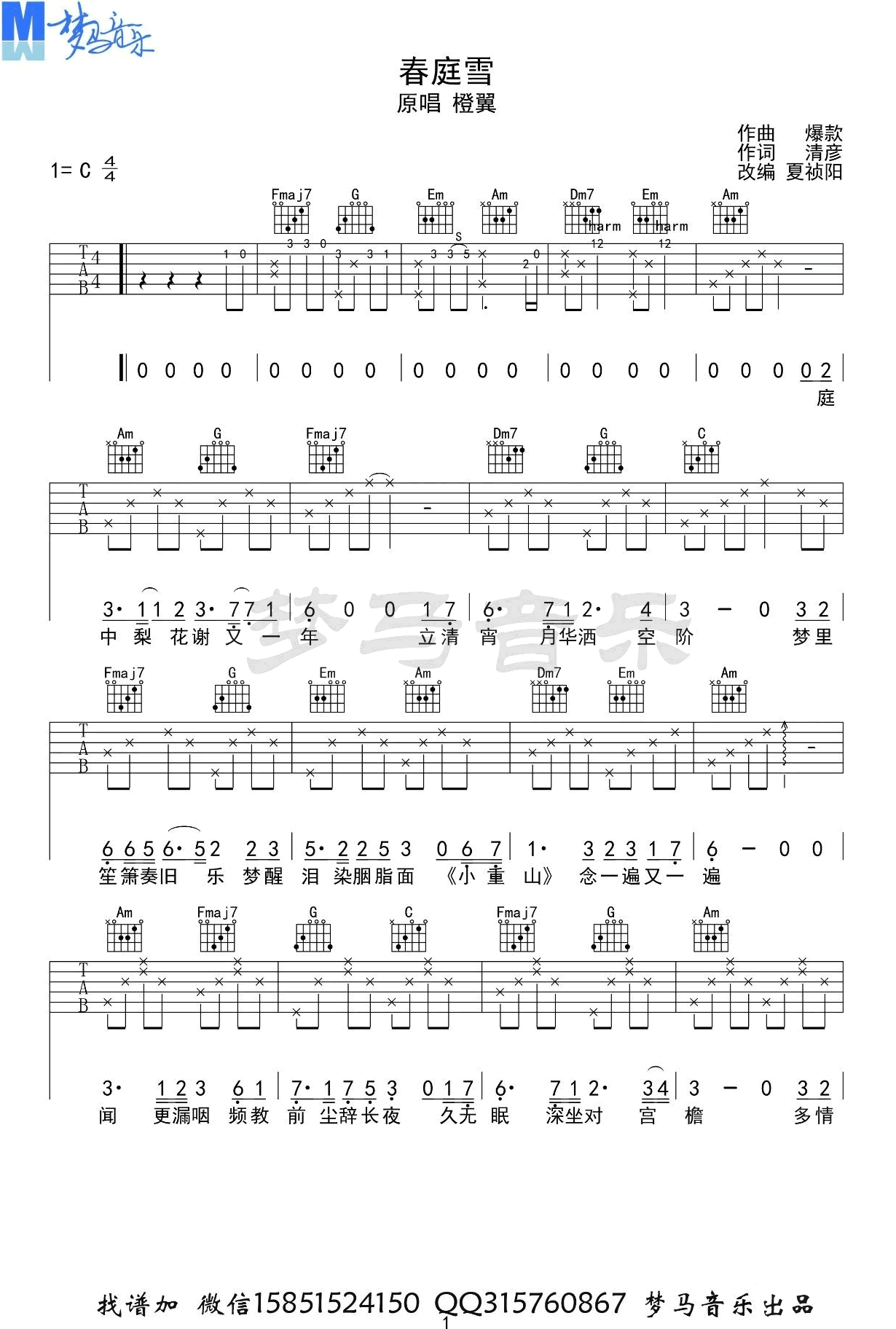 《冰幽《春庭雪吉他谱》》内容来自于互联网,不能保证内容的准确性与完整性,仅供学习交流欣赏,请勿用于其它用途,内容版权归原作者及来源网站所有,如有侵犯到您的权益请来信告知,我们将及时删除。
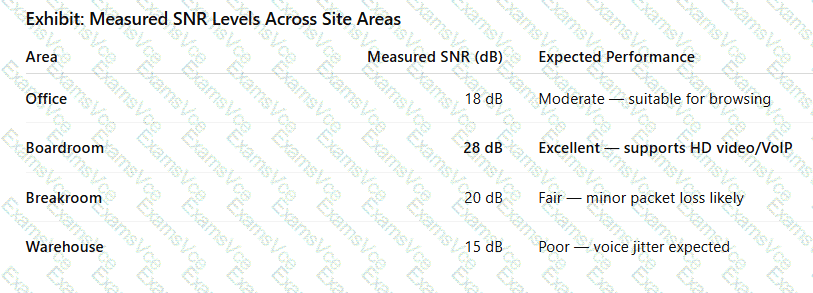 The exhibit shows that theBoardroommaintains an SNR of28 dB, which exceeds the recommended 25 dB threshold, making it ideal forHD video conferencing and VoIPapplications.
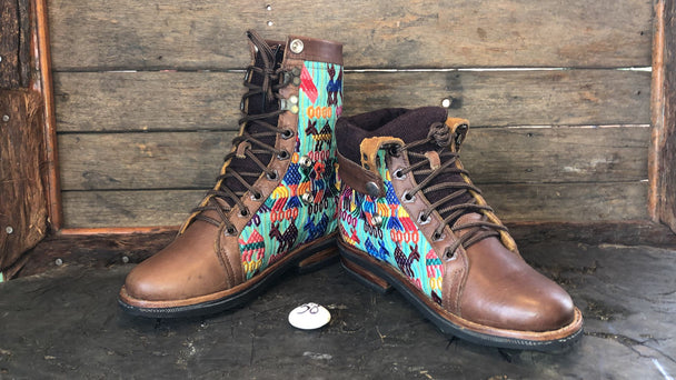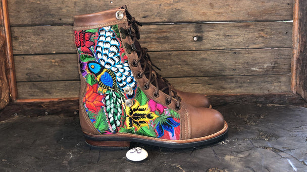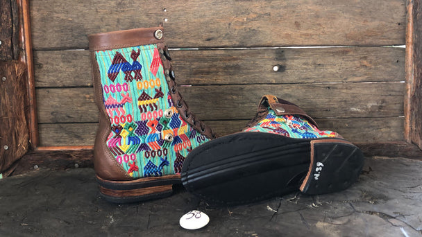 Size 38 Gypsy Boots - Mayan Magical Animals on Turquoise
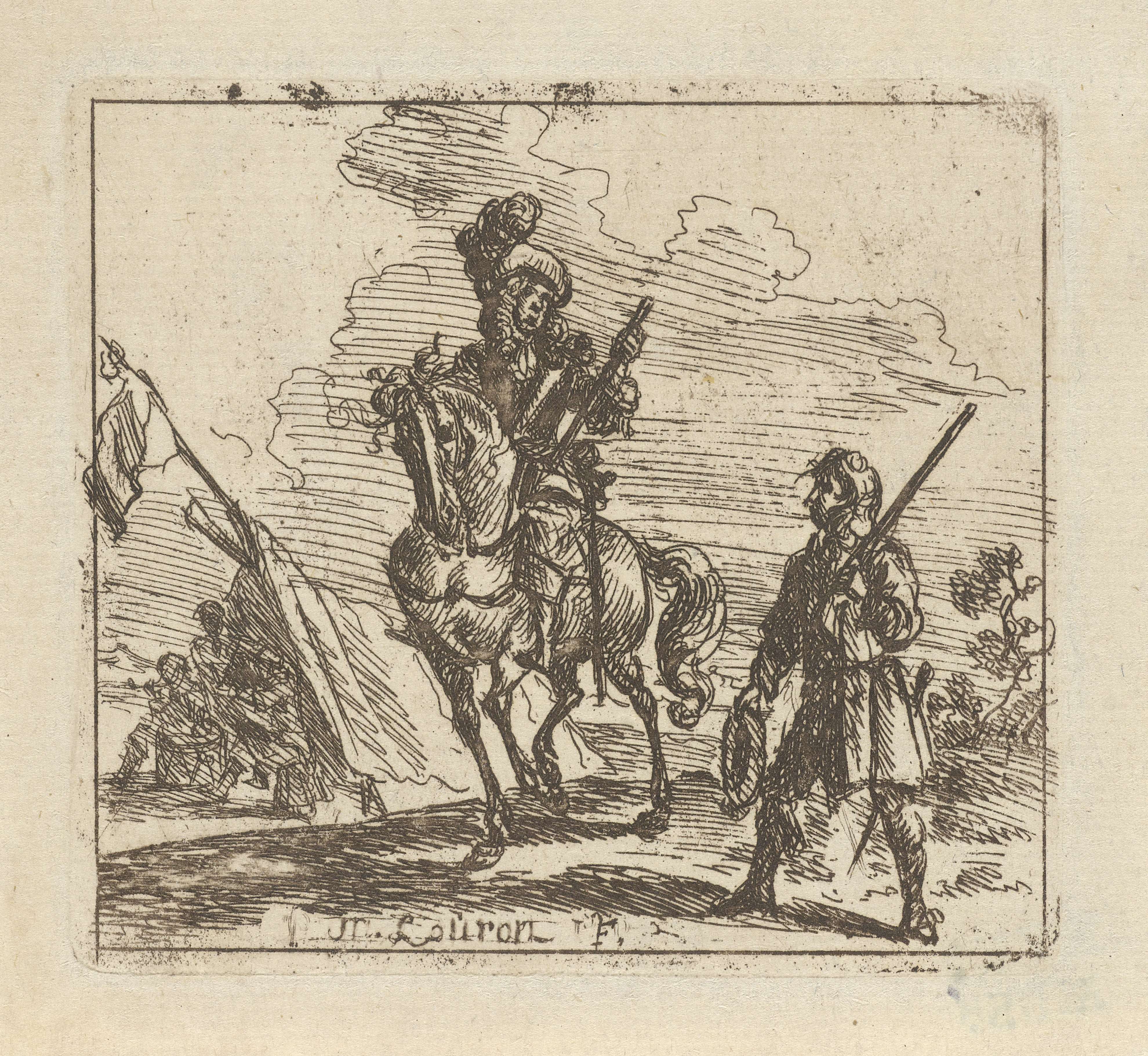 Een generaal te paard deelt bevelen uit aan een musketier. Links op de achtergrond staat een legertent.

* Work task:
Transcribe the whole listing exactly as it stands, apart from the pictures.

* Problem solution:
 《冰幽《春庭雪吉他谱》》内容来自于互联网,不能保证内容的准确性与完整性,仅供学习交流欣赏,请勿用于其它用途,内容版权归原作者及来源网站所有,如有侵犯到您的权益请来信告知,我们将及时删除。
 The exhibit shows that theBoardroommaintains an SNR of28 dB, which exceeds the recommended 25 dB threshold, making it ideal forHD video conferencing and VoIPapplications.
 Size 38 Gypsy Boots - Mayan Magical Animals on Turquoise
 Een generaal te paard deelt bevelen uit aan een musketier. Links op de achtergrond staat een legertent.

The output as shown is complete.